The (Not So) Great Outdoors

Adrienne Beatty

I never thought I’d go to a school like Colgate. After growing up amongst cows and cornfields, I was pretty dead-set on going to college in a big city. But alas, I am here, and so I decided to take full advantage of my surroundings and do everything that I’ll never be able to do after I embark on my post-collegiate life of urbanism. The “Wilderness Adventure thing” seemed like a good start.

“You’re not exactly outdoorsy,” my mother said on the eve of my excursion. I resented this statement. Perhaps my experience with actual hiking was minimal, but I went running outside almost everyday. It wasn’t my fault that I wasn’t outdoorsy – the opportunity had never presented itself! But now that it had, I decided that the best way to make up for lost time in the great outdoors was to sign up for the most hardcore trip Wilderness Adventure had to offer.
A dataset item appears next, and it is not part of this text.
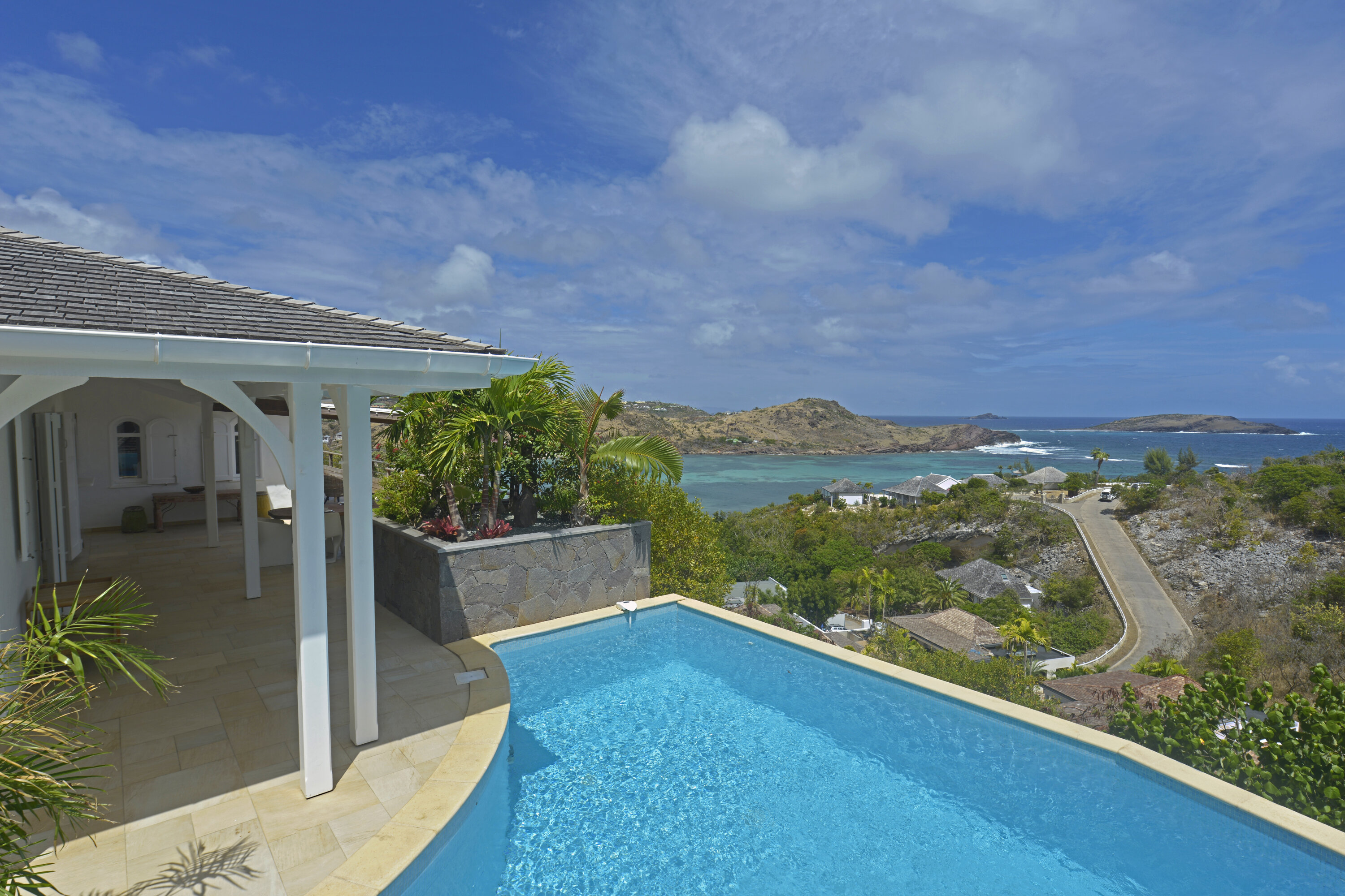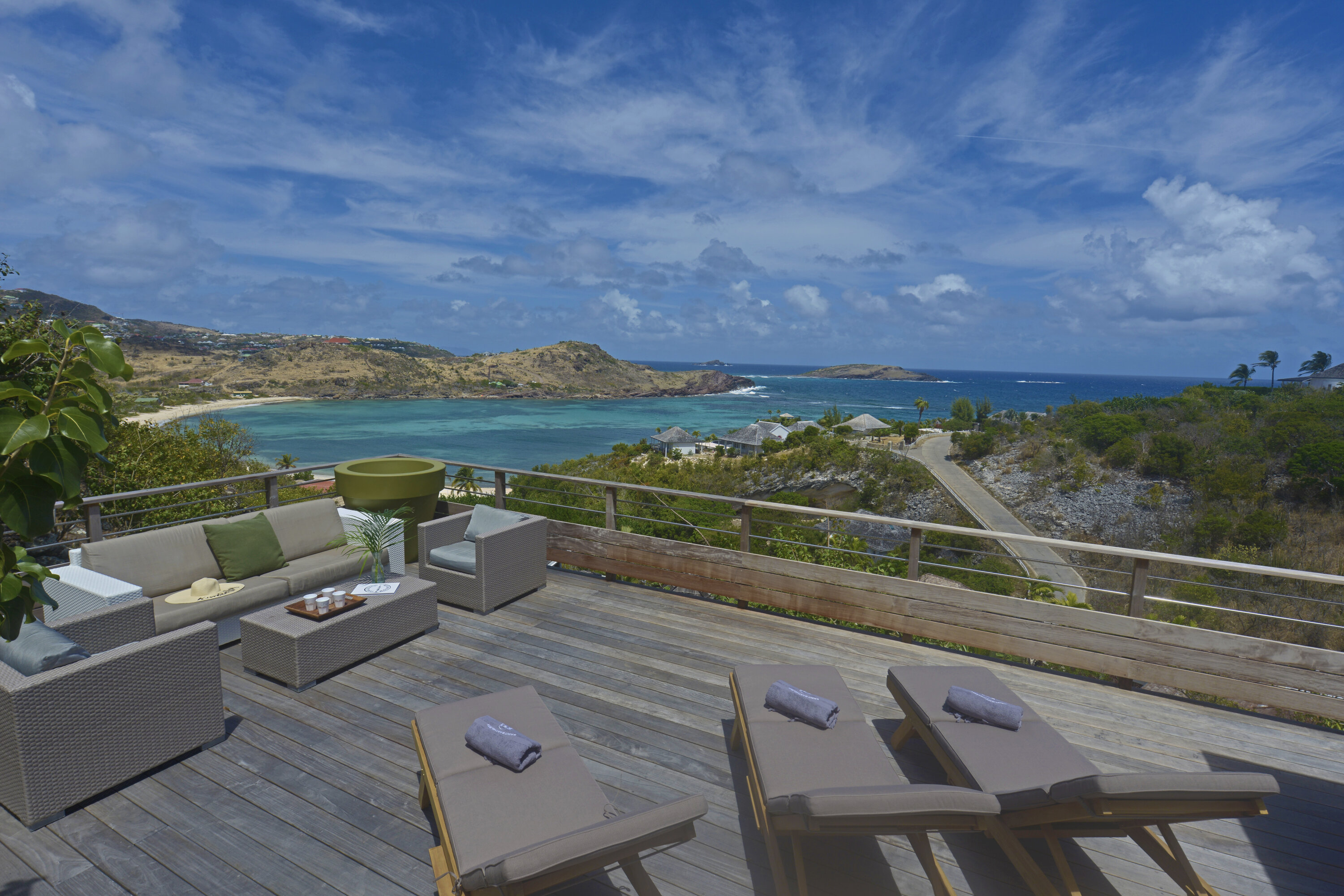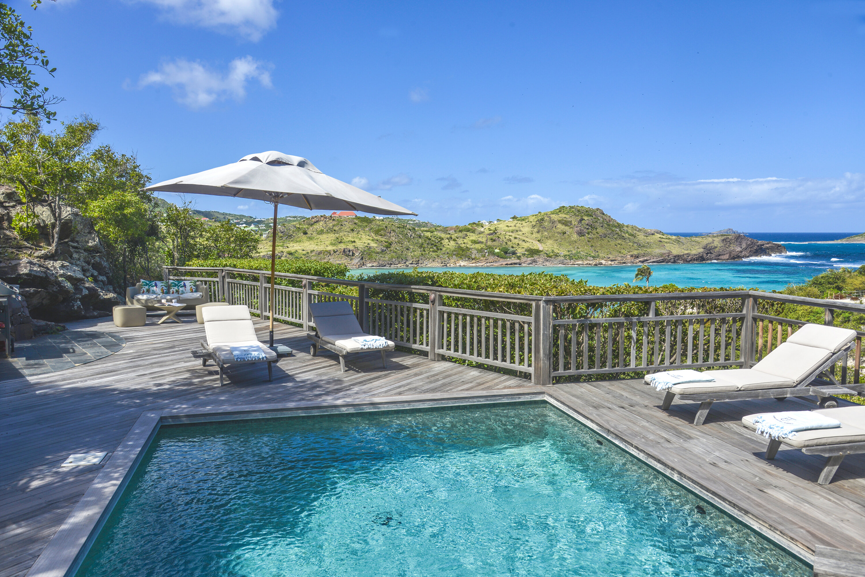 Welcome to Villa Lagon Jaune Estate (villa code: WV AJL), which comprises two villas, Lagon Jaune and Petit Lagon, to form a 6-bedroom villa. Secluded, quiet, and stylish, located in Petit Cul de Sac, these island homes are steps from the beach and a short drive from shops and restaurants. The spacious and bright interiors of Villa Lagon Jaune are shady and cool, with doors opening on several sides to let in the ocean breeze. Wooden furnishings, an exotic island décor, and a minimalist style create a soothing, peaceful place to chill out in one of St. Barts’s most secluded corners. Villa Lagon Jaune Estate is all about breezy days spent relaxing, with plenty of space to spread out and find your own corner to unwind. The central living space enjoys a comfortable sofa in the center of the room facing out towards the terrace, making for an idyllic spot to kick back and enjoy the island breezes. The sound of the water nearby reaches the villa as well, offering a peaceful background track to chilled-out days spent inside and on the terrace. Behind the living room is the kitchen, a contemporary design with black marble workspaces, honey-colored cabinetry, and stunning views of the sea. The dining table is outside on the covered terrace, encouraging you to take in the spectacular island views with your meal. Villa Petite Lagon has a small galley-style kitchen. There’s a total of 4 bedrooms inside Villa Lagon Jaune, generous spaces with a distinct island style. Three of the bedrooms are on the main level, each featuring a king-sized bed that can be configured into a pair of twins, and ensuite bathrooms. The fourth room is located separate from the main house, featuring a kitchenette, ensuite bathroom, and private terrace. This mini-suite is the ideal spot for teenagers or a live-in nanny. Both of Villa Petit Lagon's bedrooms can be arranged with a king-size bed or 2 twin beds, and each have an ensuite bathroom and access to a private terrace. Days spent outside at Villa Lagon Jaune Estate make you feel as if you’re the only ones on the island. The views from the terrace take in Petit Cul de Sac, a quiet and relaxed corner of St. Barts. There’s plenty of seating in the sun and shade facing the ocean. A beautiful pool is a tempting spot to cool off, receiving sun for most of the day. The nearby beach at Petit Cul de Sac is also a fantastic swimming spot, where you can pack a picnic and spend the day on the sand. Guests receive access to Form Fitness sports center and breakfast pastries are delivered daily except Sunday. During the December holidays, the villa rents at the full occupancy rate regardless of how many bedrooms are used. * Note – The villas are close to each other but are not connected.Please fill out the form to begin your inquiry and we will connect you with a seasoned villa rental specialist.

“Go big or go home,” I reasoned to my doubtful parents.

The first day involved a small hike with a consistent incline, and as we prepared for bed that night, I felt happy and confident that this trip was very manageable, based on that first hike. It was like doing the Stairmaster with 45 pounds on your back. And the food wasn’t bad, just a little dirty.
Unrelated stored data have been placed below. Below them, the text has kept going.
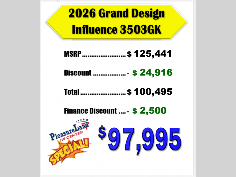 New 2026 Grand Design Influence 3503GK Fifth Wheel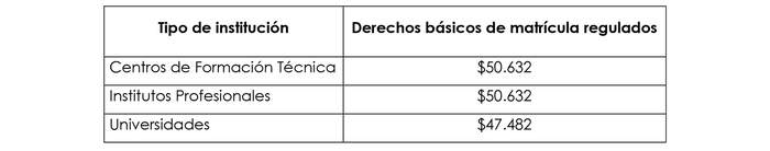 c) Los valores de derechos básicos de matrícula, expresados en pesos por estudiante, de conformidad a la resolución vigente a cada tipo de institución de educación superior, sin perjuicio de los reajustes que establece esta ley".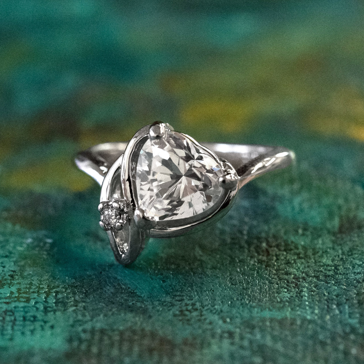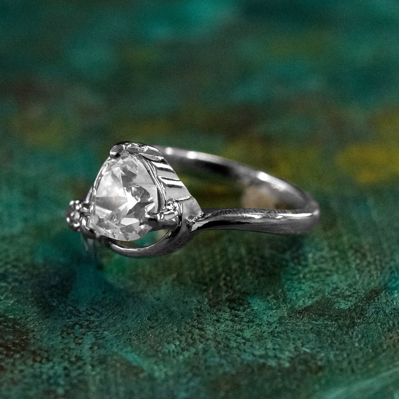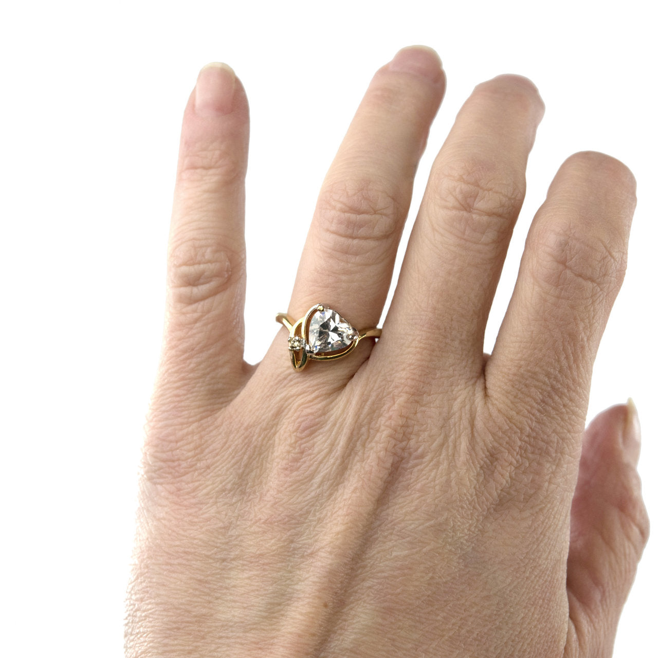 Vintage Jewelry Emerald Austrian Crystal Heart Ring 18k Yellow gold Electroplated Made in the USA by PVD Vintage Jewelry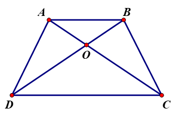 Cho hình vẽ. Biết `ABCD` là hình thang cân; các đường chéo `AC` và `BD` cắt nhau tại `O`.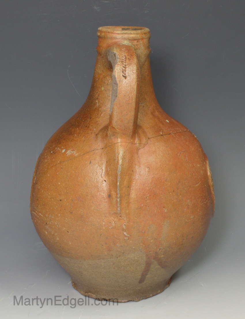 German brown saltglaze stoneware bellarmine jug decorated with a spread eagle, circa 1600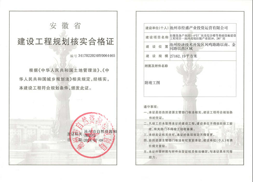 拉链装备产业园1-4号厂房及综合楼等基础设施建设工程项目--池州高端拉链产业园1#、2#厂房《建设工程规划核实合格证》批后公布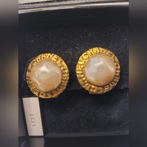 Chanel Gold Plated Pearl Vintage Clip On Earrings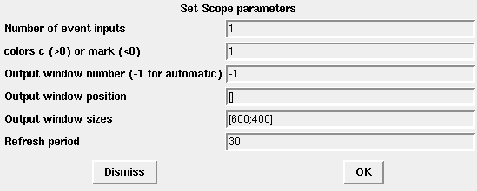 The number of graphic window used for the display. It is often good to use high values to avoid conflict with palettes and Super Block windows. If you have more than one scope, make sure they don't have the same window numbers (unless superposition of the curves is desired). Output window position : a 2 vector specifying the coordinates of the upper left corner of the graphic window. Answer [] for default window position.

The next morning, on the day that we would ascend the highest peak of the journey, we woke up to rain. Little did I know that this would be the most miserable, painful day of my entire life.

No longer was our trek comparable to the Stairmaster. Now there were rocks, boulders even, up which we had to climb, and they never ended. If this was what it took to be outdoorsy, my quads couldn’t handle it.
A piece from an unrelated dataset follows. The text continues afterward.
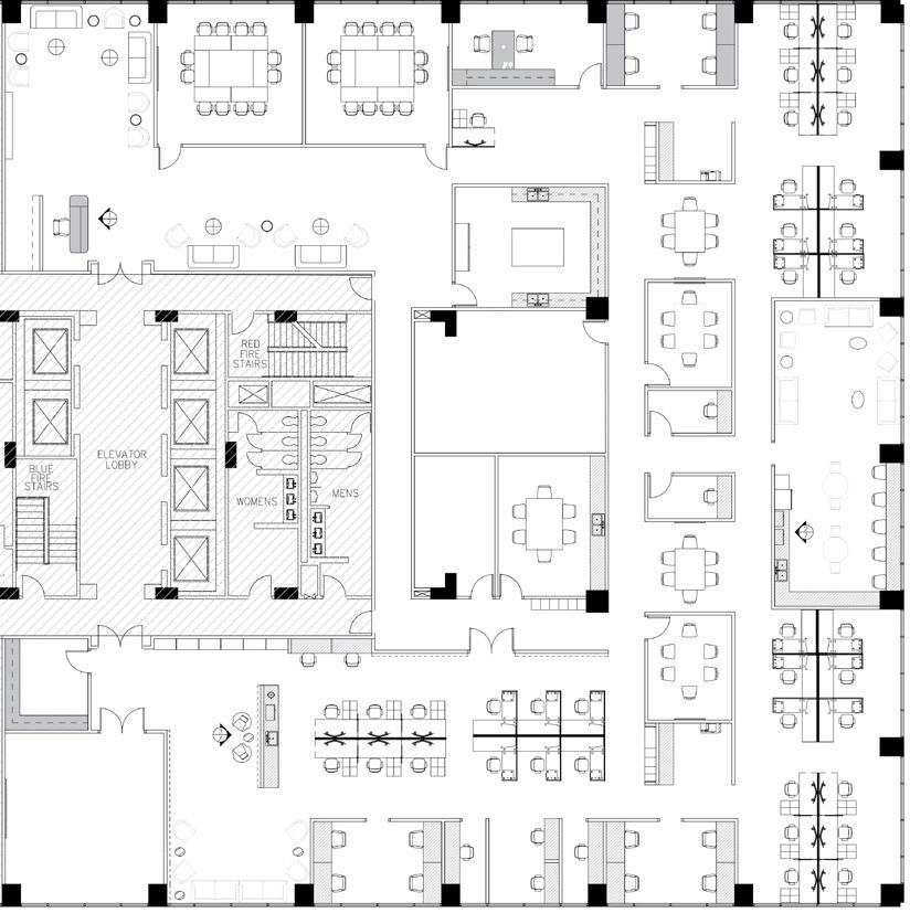 • Multiple open and enclosed working spaces

At the summit, the rain became hail. It’s interesting, though, that when you’re suffering aerobically, sensations like wet and cold kind of take a backseat. No one was complaining, which I thought was cool. If these people, who truly were hardcore and experienced and knew what they were doing, were not complaining, then really who was I to complain? It was definitely mind over matter.

“I must stop, I am going to die,” I would say to myself, and then I’d say, “Well that’s not an option, because I’ll freeze to death on top of this mountain if I stop, and plus, I’ll ruin everyone else’s trip.” So essentially I had no choice.

The first day of misery was a precursor of things to come, like the 12-mile hike we took two days later. But it was the sort of thing that made you proud of yourself, as cheesy as that sounds, and I met an awesome group of people who I’m pretty sure I will be friends with forever. Hopefully we can someday do a reunion trip, only this time, it might be nice if we could stay in a hotel and take showers after sweating profusely every day.

After all, we’ve already done the outdoorsy sleeping outside thing, and as the Mark Twain quote in our Hiker’s Book of Quotes said, “I’m glad I did it, partly because it was worth it, but mostly because I shall never have to do it again”.